How many more Abby Johnsons and Dr. Nathansons would we have today if pro-lifers would hold up abortion pictures during their prayer protests at Planned Parenthood clinics?
How many more Lila Roses would we have today if pro-lifers would hold up abortion pictures during our rallies and marches?
Ms. Fisher’s conclusion:
“I believe that everyone should see an image of an aborted baby once in their lifetime. And I believe that, like any traumatic image, it will stay with you. Once or twice in a lifetime is enough.”
And how, pray tell, is everyone in America supposed to see an image of an aborted baby if pro-lifers must never display them in public? Injustices which are covered up have no hope of ending.
3,500 more babies will be tortured to death today. That’s another September 11th every single day in America. Except Osama bin Laden isn’t killing our children, we are.
Planned Parenthood cannot believe it’s good fortune in a pro-life movement which would actively work with them in covering up the evidence that abortion is an act of violence against a baby. Until the pro-life movement studies the history of effective social reform—from the abolition of slavery to the modern anti-war movements—we will never win this battle.
At the height of the slave trade, English abolitionist William Wilberforce would aquire and then make public displays of the various torture instruments being used on slaves. And he would say to those passing by, “You may choose to look the other way, but you may never again say that you did not know.”

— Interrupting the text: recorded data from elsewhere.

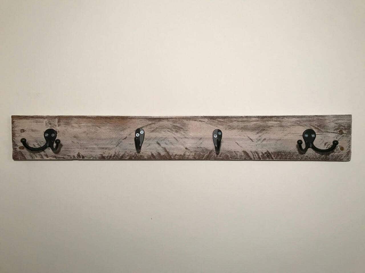 Rustic wooden sign used as a headboard, with rope spelling 'Love' and black hooks above.
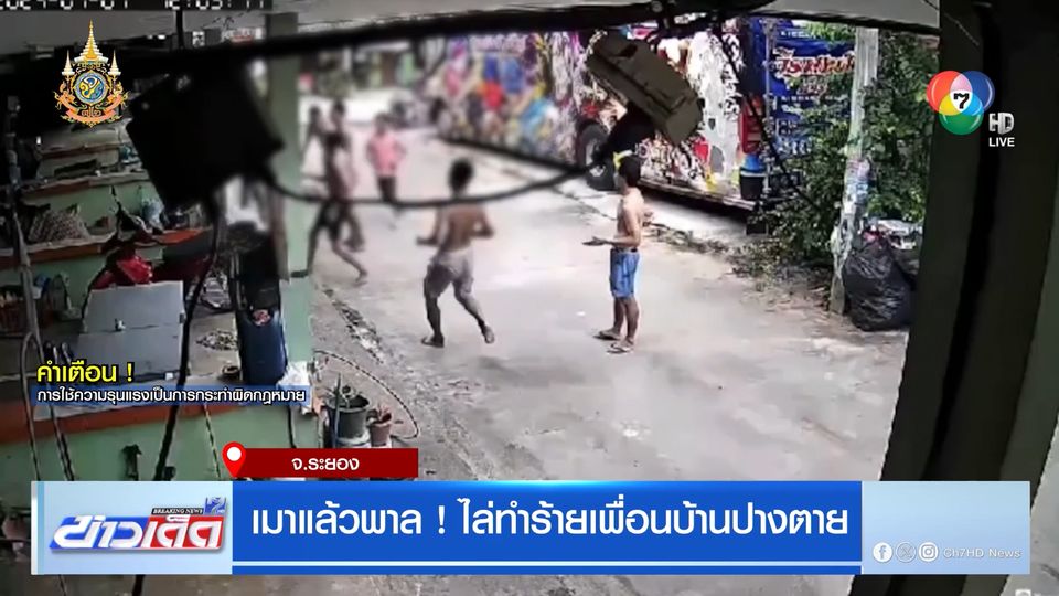 ข่าวเด็ด 7 สี - กล้องวงจรปิดที่หน้าห้องเช่า อำเภอปลวกแดง จังหวัดระยอง จับพฤติกรรมสุดป่าเถื่อนของชายอายุ 30 ปีอยู่ในอาการมึนเมาเข้าไปทำร้ายนายกฤษณะ อายุ 42 ปี ขณะนั่งเล่นอยู่หน้าห้องอาศัยจังหวะช่วงที่นายกฤษณะไม่ทันระวังตัวลงมือทำร้ายจนล้ม และใช้เท้าถูกกระทืบซ้ำไปหลายครั้ง ก่อนที่เพื่อนบ้านที่เห็นเหตุการณ์จะรีบเข้าไปช่วย จนผู้ก่อเหตุหนีไปแบบสะบักสะบอม โดยอาสากู้ภัยนำตัวผู้บาดเจ็บส่งโรงพยาบาลปลวกแดง เหตุเกิดช่วงบ่ายที่ผ่านมา (7 ก.ค.) โดยอาการคนเจ็บขณะนี้สาหัส เลือดออกปาก จมูก และมีอาการเลือดคั่งในสมองต้องส่งต่อไปรักษาที่โรงพยาบาลระยอง และจนถึงขณะนี้ยังไม่มีใครรู้ถึงสาเหตุซึ่งญาติคนเจ็บได้เข้าแจ้งความไว้แล้ว ที่ สภ.ปลวกแดง
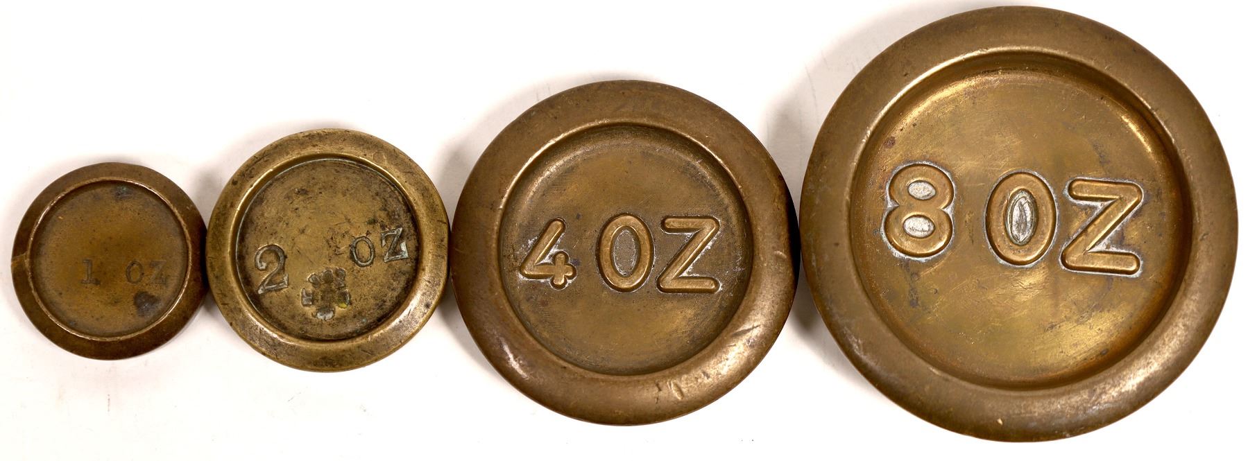 Lot of 4 different brass weights. Includes 8oz (2.25" diameter), 4oz (1.75"), 2oz (1.25"), and 1oz (1"). No makers mark.
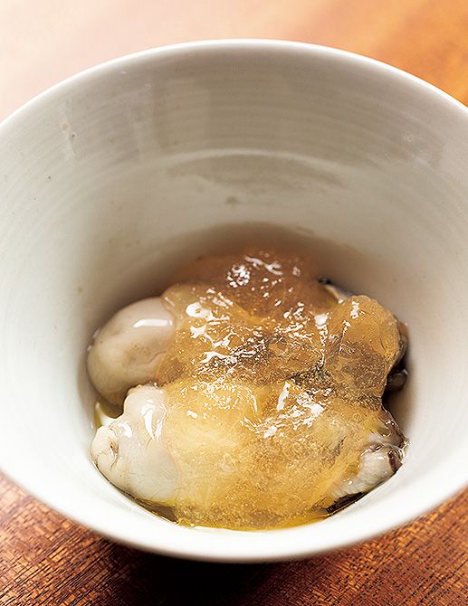 おまかせコースより。江田島産の新鮮なかきは、うまみを生かすためシンプルに土佐酢と柑橘ジュレで。
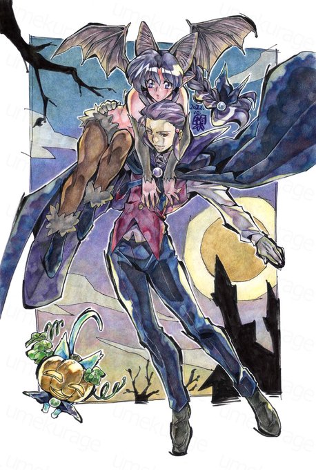 #共通テーマお絵描き 【ハロウィン】 こちら参加させていただきます🎃👻🍭 双子の精霊(契霊)こと、レイルアーとスイセアーに衣装を着てもらいました🦇🍷 目を離すと喧嘩を始めるのでご注意を💀 twitter.com/fal_reto/statu…
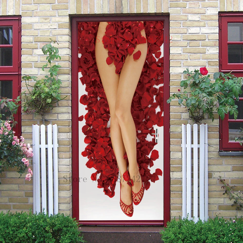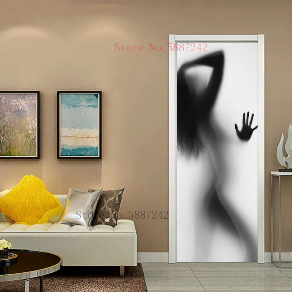 Виниловая самоклеящаяся дверная наклейка для женщин, для девочек, для комнаты, спальни, ванной комнаты, 3d обои, декор для стены, окна, постер, чехол
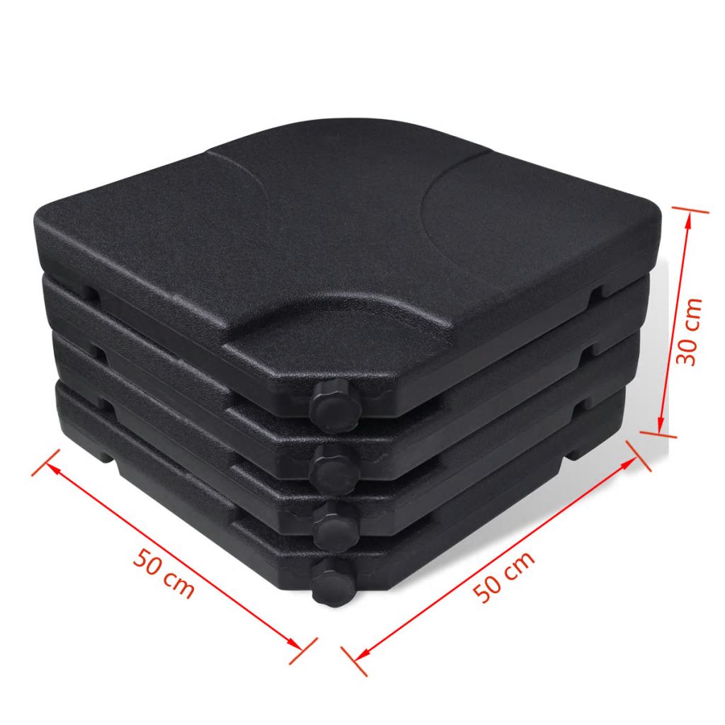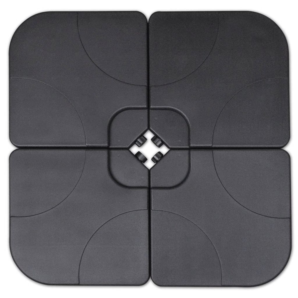 Dieser Schirmständer besteht aus vier separaten Teilen, die mit Wasser oder Sand gefüllt werden können. Er dient als fester und stabiler Standfuß für deinen Sonnenschirm. Der Sonnenschirmständer kann mit 60 Litern Wasser oder 80 kg Sand befüllt werden. Er ist ideal, um Sonnenschirme mit einem Kreuzfuß zu stabilisieren. Ohne das Wasser oder den Sand als Gewicht, ist der Sonnenschirmständer sehr leicht, so dass er am Griff einfach zu tragen und mitzunehmen ist. Mit diesem Sonnenschirmständer bleibt dein Sonnenschirm an Ort und Stelle!

Baby killing will continue until people are bothered enough by abortion to do something about it. And nothing bothers them like a picture of a mutilated child. Dr. Martin Luther King was exactly right:
“Like a boil that can never be cured so long as it is covered up but must be opened with all its ugliness to the natural medicines of air and light, injustice must be exposed, with all the tension its exposure creates, to the light of human conscience and the air of national opinion before it can be cured.”